The following illustrations show how data temporarily restored from Glacier Deep Archive to S3 appears in the S3 Console. Here we see that the Storage class is still set to Glacier Deep Archive. This is because the script has only restored a temporary copy – the original data is still in Glacier Deep Archive.

If we look at the file details, we can see that the Restoration status is Completed. You can also see the Restoration expiry date, which is when the temporarily restored data will be automatically deleted. The original data is still in Glacier Deep Archive, though; only the temporarily restored copies are deleted automatically.

Optional – Restore All Indices Permanently

If for some reason you need more than 10 days to import your temporarily restored data from standard S3 storage to Stellar Cyber or you simply want to move your data from Glacier Deep Archive to regular S3 storage permanently, you can run the archive-cli.py script with the following syntax:

> python3 archive-cli.py aws --bucket '<storagebucket>' sync --included-prefix 'stellar_data_backup//indices/'

Returning Data to Glacier Deep Archive After a Sync

If you restored data to S3 storage permanently using the archive-cli.py script with the sync argument, you can return it to Glacier Deep Archive permanently using the following procedure:

Note that you do not need to perform this procedure if you just restored data temporarily using archive-cli.py with the restore argument. The temporarily restored data automatically expires after 10 days, leaving the permanent copy still in Glacier Deep Archive.

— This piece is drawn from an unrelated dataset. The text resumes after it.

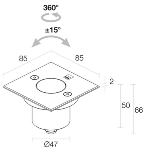 Incasso da esterno (non adatto per immersione in piscine e fontane); a incasso (soffitto, parete, pavimento); 3,5W. Flusso sorgente: 184 lm. 3000 K. 20°. Colore inox

Once you have finished your analysis of data restored from Glacier Deep Archive, you can use the steps below to delete the data from within Stellar Cyber and return it to Glacier Deep Archive in AWS. Choose the procedure that corresponds to your restore type (specific indices or a full restore):

Tagging Specific Indices as Archive

If you restored specific indices from Glacier Deep Archive to permanent storage in S3, you can use the following procedure to retag them as archive so that they are returned to Glacier Deep Archive by lifecycle management:

1. Run the archive-cli.py script to retrieve the internal index IDs of the data to be returned to Glacier Deep Archive, substituting your S3 bucket name and the external index names from the user interface:

   > python archive-cli.py aws --bucket <storagebucket> get-prefix "<external_index_name>"

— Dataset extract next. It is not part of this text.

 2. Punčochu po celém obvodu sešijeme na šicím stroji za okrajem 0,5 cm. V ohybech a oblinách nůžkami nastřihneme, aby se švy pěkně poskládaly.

2. Run the archive-cli.py script to retag the indices with the archive tag:

   Syntax for a single index:

   > python archive-cli.py aws --bucket <storagebucket> tag --included-prefix 'stellar_data_backup//indices/<internal_index_id>' --src-tier hot --dst-tier archive

   Syntax using a shell script for multiple indices:

   for i in <internal_index1> <internal_index2>; do
    python archive-cli.py aws --bucket <storagebucket> tag --included-prefix 'stellar_data_backup//indices/$i/' --src-tier hot --dst-tier archive
   done

Tagging All Data in a Specific Bucket as Archive

If you restored all data from Glacier Deep Archive to permanent storage in S3, you can use archive-cli.py with the following syntax to retag it as archive so that it is returned to Glacier Deep Archive by lifecycle management::

python archive-cli.py aws --bucket <storagebucket> tag --included-prefix 'stellar_data_backup//indices/' --src-tier hot --dst-tier archive

Deleting Imports from Stellar Cyber

Once you have completed your analysis in Stellar Cyber, you can remove the imports:

1. Navigate to the System | Data Processor | Data Management | Cold Storage Imports tab in Stellar Cyber and delete the imports.